8/18/18 BMT Day +108 Bananas

Amazing news!!!
Reese had a really good day. That’s not to say there weren’t moments I’d like to take away… but SO MUCH is going right! I have the song Champion in my head… not Queen (but that’s a great one, too) the Carrie Underwood song.
I am invincible, unbreakable
Unstoppable, unshakeable
They knock me down, I get up again

So many things are going right, right now. I need to stop, breathe, appreciate it, and tell you about it! I’d love to also have a glass of wine to celebrate- believe me.
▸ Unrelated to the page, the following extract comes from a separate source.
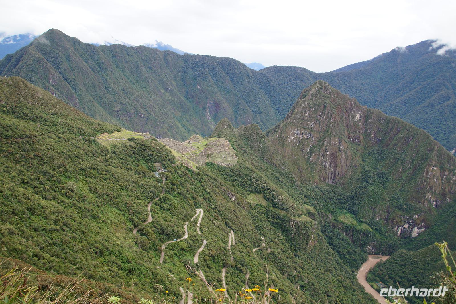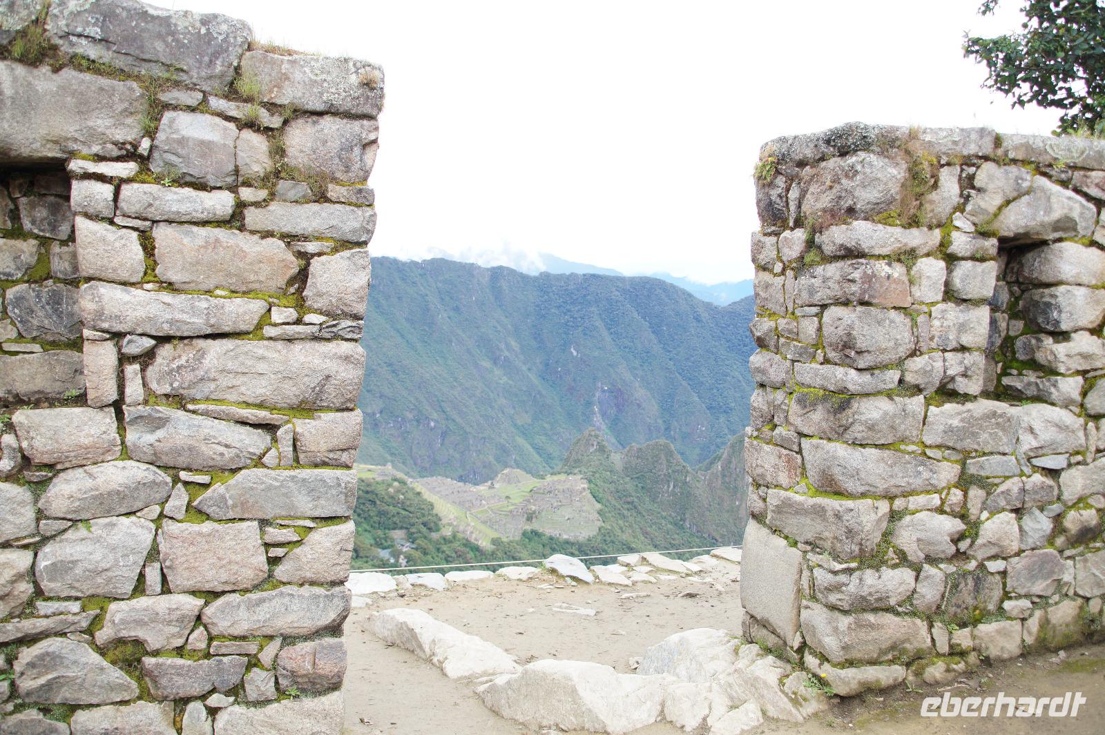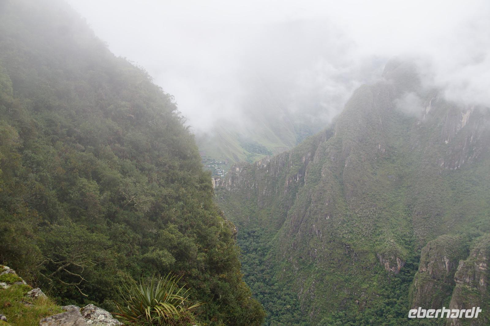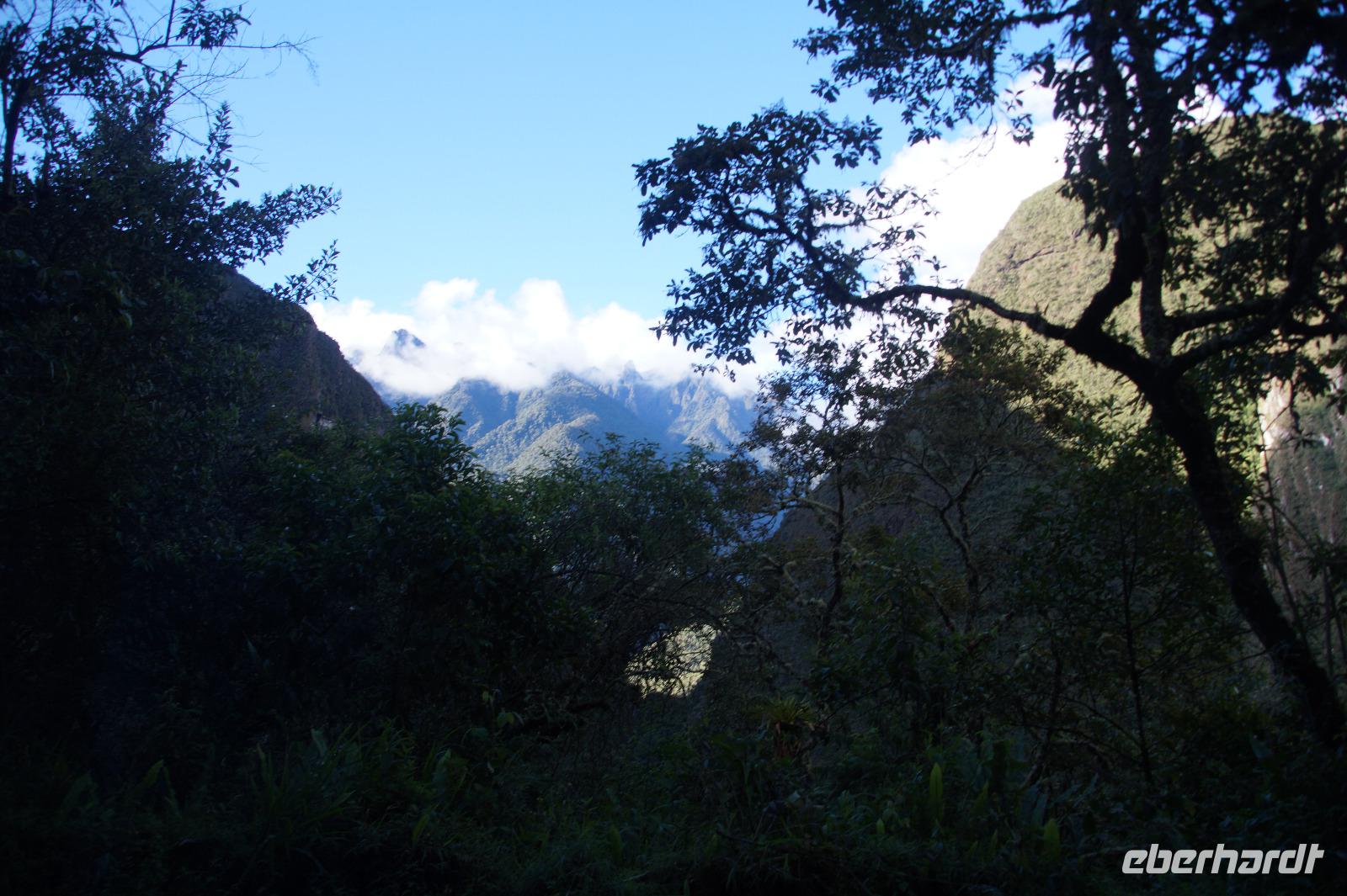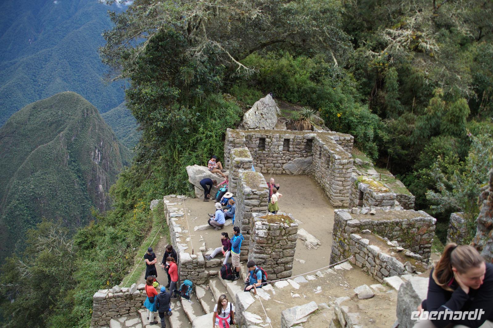 Zunächst bleibt unser kleiner Trupp noch zusammen, aber dann fasert es sich immer weiter aus. Unser Ziel ist Inti Punku, das Sonnentor. Sieht gar nicht so weit aus bis dorthin, aber man benötigt dann doch leicht vierzig Minuten. Ich bin nicht sicher, dass wir alle sechs dort waren, aber zumindest fünf von uns haben es bis dorthin geschafft. Ein Wächter der dort steht verrät mir, dass, wenn man durch Inti Punku dem Inka Trail noch weiter folgt, man an einen Aussichtpunkt kommt. Zu dritt folgen wir diesem Weg. Wir kommen an eine steile Treppe, wo sich in der Inka-Zeit so etwas wie ein Wachposten befand. Von dort aus sehen wir in einigen Kilometern Entfernung die Inka-Siedlung Winay Wayna, wo sich bei einem Wasserfall ein Wasserheiligtum befindet.

Who will join me for a nice, light red? Or bubbles? My little girl is getting BETTER!

Tonight Reese went to bed with a “normal” heart rate and blood pressure! She is on so many meds to control this, and tonight, they are working. What else is working? Her steroid wean!! We went down two times this week and it went so well that the doctors plan to go down twice a week now, on Sundays and Thursdays. This is incredible, and it means that right here, right now, Reese’s GVHD is under control!! This seemed so unobtainable a month ago, even two weeks ago, I barely dared to think about it. Her feeds are still being figured out, but we are making progress and we have a plan in place that seems to be working!

BANANAS. This is what Reese ate for dinner! My little girl has a whole “menu” now. And once she has something one time with success, she can continue to eat it in small amounts each day. Tomorrow she can have some banana for breakfast, applesauce for lunch, and soup and a cracker for dinner, should she choose. Yes. Choice. The power of choice. The average little kid makes about 3,000 choices a day. GVHD and other complications (and hospital life in general) took this away from Reese, and Reese is a strong little girl. Have I mentioned that she is our alpha? Reese likes to call the shots, and others listen, she has that. So now, the magnificent ability to choose something in her little world, to control even moments, is empowering and healing.

There are still things to worry about, things to make me too nervous to fall asleep and cloud my dreams and rest. But there are also great things happening, and today I end this post here. I believe that a grateful heart is a healing heart and I also believe I should put out to the world at least as much good as I receive. And I am receiving good. I am thanking God and my doctors for the miracle they are working on my little girl! We are blessed.

Go sweet and powerful Reese, onward and upward!